Crinkling sand beneath my warm toes, I listened to the waves as they smashed against the beach. Breathing a deep inspiration of therapeutic, salty air, I exhaled the troubles that had wound my nerves so intricately for the past several months.
Ahh. This is the life, I thought. Miles from frustration; ages from pain; far from worry.
It was sweltering hot, and with perspiration dripping heavily from my chlorine-soaked ponytail, I stepped lightly to refresh my feet in the ocean water. The tide bathed and tickled my toes, and because of the brutal heat, my body begged me to venture further out for a cool dip.
The waves, which had originally lapped sweetly against my ankles, began to vigorously charge against me as I waded deeper and deeper. As long as I could see the waves coming, I could brace myself for their strength. But when I turned my back to the approaching tide, the force felt stronger. Harder.
I couldn't tell where or when they'd be coming. The deeper I got, the faster they hit. The harder they got, the weaker I realized I was. Some were so strong that they knocked me over. Some knocked me under.
One. After the other. After the other. Until I briefly questioned, "Will I ever regain my footing? Will I drown here?"
I think it's only fair for those of you who have accompanied me on this journey to hear the "real stuff" that I go through in this grief. Yes, I've been trying desperately to make lemonade from this sour season, but you know what? It would be wrong of me to lead you to believe that every time I have a setback, my first thought is, "Well, golly gee whiz. What valuable lesson can I learn today?"
This isn't Mr. Rogers' neighborhood.
Sometimes, I find that I can move to a place like this quickly. But, folks, it isn't always that simple.
Exhibit A? Let's journey to yesterday morning...
Sunday morning. The alarm sings to let us know that it's time to get up for Sunday School. To be honest, it's a struggle every week over whether or not we'll go. Not because we don't love the class.
Our class roster has quickly become a list of nothing but parents and parents-to-be. It's a fairly small, intimate class, so it's impossible to hide in the crowd, and I often find myself wedged between a rock and a hard place...or a pregnant belly and an even bigger pregnant belly. Two of my classmates are set to deliver in the next month or so. A third pregnancy was announced two Sundays ago. We were one of three couples left who weren't expecting.

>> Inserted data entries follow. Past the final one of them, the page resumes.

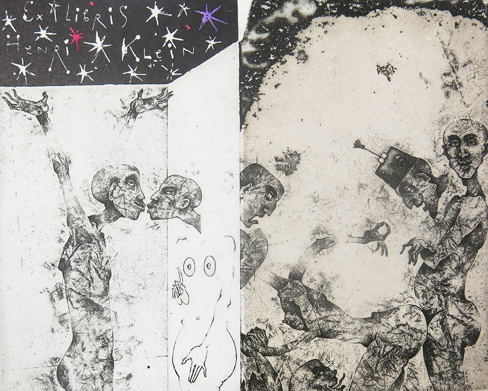 Vladimir Zuev (born 1959, Russian); Fool for Love (Kiss and Tell) – Ex Libris Henry Klein, 2013; etching, aquatint, relief etching, hand coloring; 118×146 mm
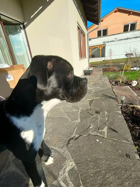 Hier gibt es einen großen Garten nur für mich, in dem ich viel toben kann und drinnen ist es erst gemütlich. Ich habe sogar zwei Betten, aber am schönsten ist es auf der Couch, wo ich von meinen Lieblingsmenschen gleichzeitig gekrault werde, oder liege bei Frauchen im Arm. Hier fühle ich mich Pudel (Boxer)wohl.
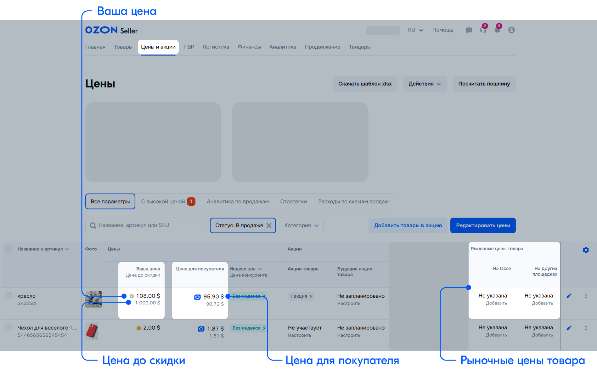 Цена до скидки — зачёркнутая цена, которую видят покупатели. Показывается только на товарах, которые участвуют в акциях от Ozon или в собственных акциях продавца типа «Скидка».
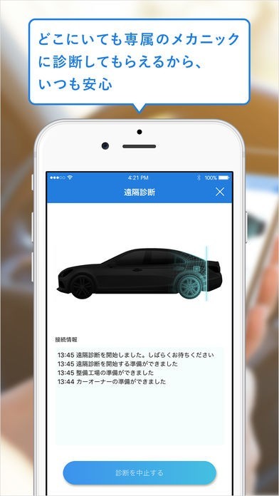 ※ショップ登録機能を使えばどこにいてもメカニックが遠隔でクルマを診断してくれます
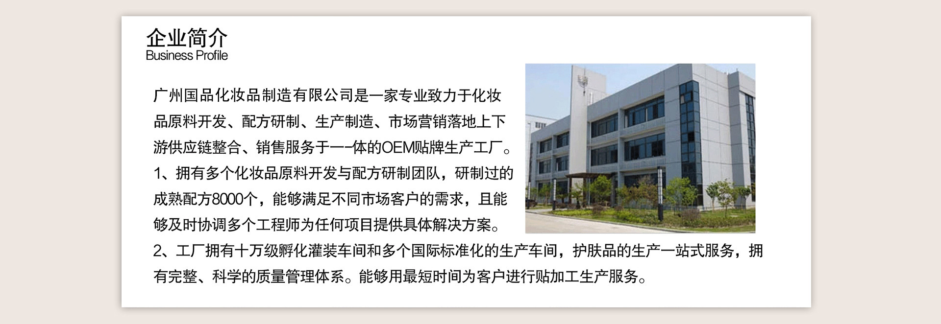 廣州國品化妝品制造有限公司是一家專業生產各類海藻面膜,蠶絲面膜紙,面膜精華液,精油藥油,花瓣面膜粉,蔬果面膜粉,精油面膜粉,出水面膜粉,水晶面膜粉,高保濕面膜粉,高強度面膜粉,中藥面膜粉,身體藥灸粉的專業廠家,我公司擁有面膜粉膜材的核心技術,做到了三年膜材沒有出過質量問題,已經非常的穩定,而且做出來的膜材跟很多原料能夠配伍,做到了配伍1:30以上,而且產品質量仍然非常穩定,無論是產品的保濕型,成膜性,韌性,絕對不會出現有疙瘩打不開的現象,而且我們擁有能夠調節凝固時間的技術,不會改變產品的性能,有些客戶會提出延長時間凝固,或者縮短凝固時間,這些問題我公司都能夠根據客戶要求來調節時間,并且能夠調控產品的加水比例,流動性,成膜性,顏色,味道等很多特點,從而控制產品的:美白,補水,消炎,抗皺性,可以為客戶量身定做適合的膜粉,為品牌的建設添一份磚瓦,歡迎各界朋友蒞臨參觀、指導和業務洽談。

So let's drop a bomb, shall we?
All morning, Dru kept telling me that he had a funny feeling; like we shouldn't go that morning. It had been a bit of a tough weekend (Saturday was my second due date, and of course we paused with grief), but I pish-poshed his concerns. For some reason, my stomach was in knots the whole ride there.
As usual, we were running a few minutes late but made it just in time for prayer requests. My last shining hope of a non-mom-to-be eagerly raised her hand.
"I have a prayer request...and a praise..." she began.
My heart fluttered. My fine-tuned, bitter, infertile eye scanned her for a tell-tale bump.
"We have a doctor's appointment this week..."
No, please, dear Lord, no...I feel a wave coming, but I can't see it...it's a big one...
"Because we're thirteen-and-a-half weeks expecting!"
She looked right at me when she said it. Right. At. Me. My face was numb. I heard nothing after. But as I looked around at my classmates, I realized I was the only wife who wasn't pregnant.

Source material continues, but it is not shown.